Calculation of the Plaintiff’s Loss of Earning Capacity

30        In assessing the plaintiff’s earning capacity but for his injury, I am of the opinion that it is appropriate to use the wage available to the plaintiff had he been presently employed by the defendant, being $35,100 gross per annum, together with the wage the plaintiff would have earned in part-time employment with Pickwick, which I fix at $15,300.[30]

[30]           In calculating the earnings available to the plaintiff in employment with Pickwick, I have used the plaintiff’s earnings during the financial years ending 2006 and 2007. I accept the plaintiff’s position that his earnings during the 2007 financial year of $10,858 would have equated to a full year’s earnings of approximately $26,000 and I have used this figure in calculating the plaintiff’s average earnings. In fixing the average earnings of the plaintiff at the figure of $15,300, I have excluded the plaintiff’s earnings during the 2004-05 financial year which I consider were atypical, given the general trend associated with the plaintiff’s employment with Pickwick other than during the atypical 2004-05 year.

31        In undertaking the calculation required by the provisions of s.134AB(38)(g), I am required to compare a figure calculated on the basis of 60 per cent of the figure which I am satisfied most fairly reflects the plaintiff’s earning capacity had his injury not occurred, namely $50,400. If this figure is reduced by 40 per cent, the figure of $30,240 is produced.

32        It was submitted on behalf of the defendant that an appropriate hourly rate for the purpose of assessing the earnings which the plaintiff is capable of achieving in suitable employment at the present time was a figure between $16 and $18 per hour.[31] The plaintiff submitted the figure of $14.75 as being the appropriate award rate.[32]

[31]           DCB 134

[32]           PCB 65

33        I am not satisfied that the plaintiff retains the capacity to work as a product assembler having regard to a description of the tasks involved in that work which include lifting up to 16 kilograms. In the circumstances I am of the opinion that it is appropriate to employ a figure of $15.40 per hour.[33]

[33]           This being the mid point between the wage available to a process worker of $16 per hour as identified by the defendant, at DCB 134, and that available to a person employed in light process work, being $14.75 per hour, as identified in PCB 65.

34        I have found that the plaintiff’s retained capacity for work involves the capacity to perform light work for no more than 20 hours per week.
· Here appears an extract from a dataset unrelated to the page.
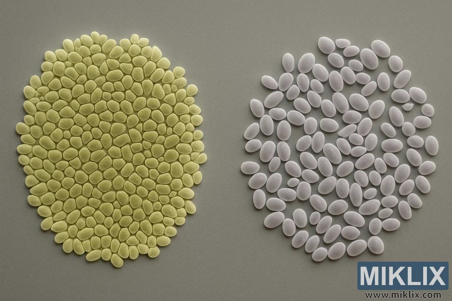 ทางด้านซ้ายของภาพ กลุ่มเซลล์ยีสต์ที่เรียงตัวกันอย่างแน่นหนา ก่อตัวเป็นโครงสร้างที่หนาแน่นและต่อเนื่องกัน เซลล์มีรูปร่างเป็นวงรี แบนเล็กน้อยตามขอบที่กดทับกัน ก่อให้เกิดลวดลายแบบ tessellated คล้ายกับหินกรวดหรือเกล็ด สีของพวกมันโน้มไปทางสีเขียวอมเหลืองอ่อนๆ เกือบเป็นสีเขียวมะกอก บ่งบอกถึงสายพันธุ์ที่มีสัณฐานวิทยาที่เข้มกว่าหรือมีเม็ดสีมากกว่าเล็กน้อย ความแน่นของกลุ่มเซลล์นี้ให้ความรู้สึกถึงการยึดเกาะกันอย่างแน่นหนาระหว่างเซลล์ ซึ่งอาจสะท้อนถึงแนวโน้มการจับตัวเป็นก้อน ซึ่งเซลล์ยีสต์จะเกาะกลุ่มกันในระหว่างการหมัก ความสม่ำเสมอของขนาดและรูปร่างภายในกลุ่มนี้เน้นย้ำถึงความเป็นระเบียบและความมั่นคง แม้ว่าเฉดสีที่แตกต่างกันเล็กน้อยในแต่ละเซลล์จะสร้างความลึกและความสมจริง พื้นผิวมีความนุ่มดุจกำมะหยี่ เกือบจะนุ่มฟู บ่งบอกถึงคุณภาพพื้นผิวตามธรรมชาติที่มองเห็นได้เฉพาะเมื่อขยายภาพ

In such employment, at a pay rate of $15.40 per hour, the plaintiff would earn $308.00 gross per week or $16,016 gross per annum.

35        Whilst it was submitted on behalf of the defendant that I should not be satisfied that the plaintiff had not taken reasonable steps to return to the workforce having regard to the evidence that he retained a capacity for restricted light duties, I do not accept this submission. The plaintiff presents with significant symptoms of back pain which interfere with his sleep and have, in recent times, required the prescription of narcotic medication. Whilst it was the position of both Dr Ling (at the time at which he gave evidence) and Dr Sillcock, that the plaintiff possessed a physical capacity for light work, I am not satisfied that the plaintiff’s capacity for light work has been continuous or has persisted for such a period that it is unreasonable that he has not sought to return to any form of employment.

36        Having regard to the findings I have made and to the calculations to which I have referred, I am satisfied that the plaintiff has suffered an impairment of body function, the effect of which is to occasion a permanent loss of income of greater than 40 per cent of his gross income had his injury not occurred. This finding requires me to grant the plaintiff leave to commence proceedings to recover damages for both pain and suffering and loss of earnings in accordance with the decision of the Court of Appeal in Advanced Wire & Cable Pty Ltd & Anor. v Abdulle.[34]

[34] [2009] VSCA 170 (28 July 2009)

37        I will hear submissions from Counsel as to the precise form of the orders which are sought and as to costs.